Джелли посмотрел влево и чертыхнулся — там тоже маячили МиГи. Ровно два.

Ситуация была хуже не придумаешь — их взяли в клещи. Можно было, конечно, попробовать сбросить громоздкий топливный бак, висящий под фюзеляжем, и попробовать удрать от них на форсаже, — но Пит не был уверен, что сумеет оторваться, потому что МиГ-21 разгонялся чуть быстрее «Фантома». А ввязываться в маневренный бой Джелли было не с руки — его более тяжелый истребитель хуже маневрировал, чем русская машина, да к тому же не имел встроенной пушки и был вооружен одними ракетами. Их, увы, по вражескому самолету пускать можно было не всегда — тепловые головки самонаведения не «видели» цель ближе пятисот метров, а также на фоне земли и против солнца…

— Пит, они нас зажимают! — с тревогой в голосе заметил Мэтью.

— Вижу, — огрызнулся Пит. — Готовься к бою!

Пит резко убавил газ и на секунду выпустил воздушные тормоза. МиГи выскочили вперед, и Джелли, резко добавив газу, поддернул нос самолета, ловя в прицел того противника, что оказался левее него.

— Мы слишком близко! — заорал оператор. — Нет!!!

Если цель находилась ближе, чем в пятистах метрах, ракета, даже захватившая ее, не успевала разогнаться и довернуть в сторону цели. И тратилась зря. Поэтому все правила строго-настрого запрещали пуск, если дистанция между противниками была меньше минимально разрешенной.

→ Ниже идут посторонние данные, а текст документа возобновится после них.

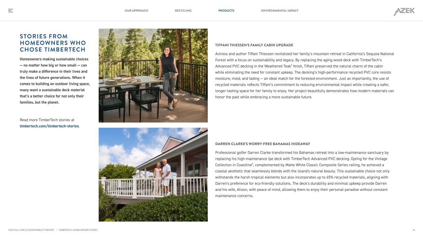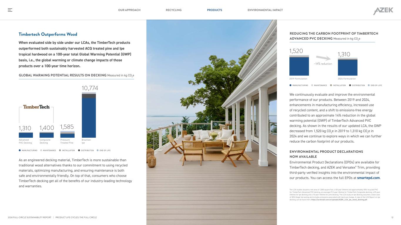 Timbertech Outperforms Wood When evaluated side by side under our LCAs, the TimberTech products outperformed both sustainably harvested ACQ treated pine and Ipe tropical hardwood on a 100-year total Global Warming Potential (GWP) basis, i.e., the global warming or climate change impacts of those products over a 100-year time horizon. We continuously evaluate and improve the environmental performance of our products. Between 2019 and 2024, enhancements in manufacturing efficiency, increased use of recycled content, and a shift to emissions-free energy contributed to an approximate 14% reduction in the global warming potential (GWP) of TimberTech Advanced PVC decking. As shown in the results of our updated LCA, the GWP decreased from 1,520 kg CO2e in 2019 to 1,310 kg CO2e in 2024 and we continue to explore ways in which we can further reduce the carbon footprint of our products. ENVIRONMENTAL PRODUCT DECLARATIONS NOW AVAILABLE Environmental Product Declarations (EPDs) are available for TimberTech decking, and AZEK and Versatex® Trim, providing third-party verified insights into the environmental impact of our products. You can access the full EPDs at smartepd.com. The LCA studies assume a net area of 1,000 square foot, a 50-year lifetime and approximately 55% recycled PVC for TimberTech Advanced PVC decking, an average 27.3-year lifetime for TimberTech Composite decking, a 25-year lifetime for Ipe decking and a 10-year lifetime for pine decking. The LCA study on Ipe decking assumes a base case of 30% illegal harvesting and includes emissions associated with land-use change. A copy of the LCA Report on Ipe decking can be found here: https://acvbrasil.com.br/uploads/AZEK_LCA_ipe_wood_decking.pdf. | PRODUCT LIFE CYCLES: THE FULL CIRCLE REDUCING THE CARBON FOOTPRINT OF TIMBERTECH ADVANCED PVC DECKING Measured in kg CO2e As an engineered decking material, TimberTech is more sustainable than traditional wood alternatives thanks to our commitment to using recycled materials, optimizing manufacturing, and ensuring maintenance is both safe and environmentally friendly. On top of that, consumers who choose TimberTech decking get all of the benefits of our industry-leading technology and warranties. GLOBAL WARMING POTENTIAL RESULTS ON DECKING Measured in kg CO2e Advanced PVC Decking 1,310 Composite Decking 1,400 Pressure Treated Pine 1,585 Brazilian Ipe 10,774 END OF LIFEDISTRIBUTIONINSTALLATIONMAINTENANCEMANUFACTURING END-OF-LIFEDISTRIBUTIONINSTALLATIONMAINTENANCEMANUFACTURING 2019 Formulation 1,520 1,310 2024 Formulation ~14% reduction 12 RECYCLING PRODUCTS ENVIRONMENTAL IMPACTOUR APPROACH 2024 FULL-CIRCLE SUSTAINABILITY REPORT

— Заткнись! — Пит нажал на кнопку «Пуск» еще до того, как зуммер оповестил о захвате ракетой цели. Однако «Садвиндер» даже не сошел с пилона — то ли оказался неисправен, то ли бортовая аппаратура блокировала запуск. Стрелка указателя скорости подползала к красной отметке, за которой следовал срыв в штопор. А из него «Фантом» на такой высоте не выходил — требовалось минимум два километра…

— Черт! — Пит сбросил подвесной бак и врубил форсаж. Стрелка на секунду замерла, потом двинулась обратно, показывая, что скорость растет. МиГи также выпустили на мгновение воздушные тормоза, и теперь снова летели рядом. Их разделяло метров пятнадцать-двадцать, не больше.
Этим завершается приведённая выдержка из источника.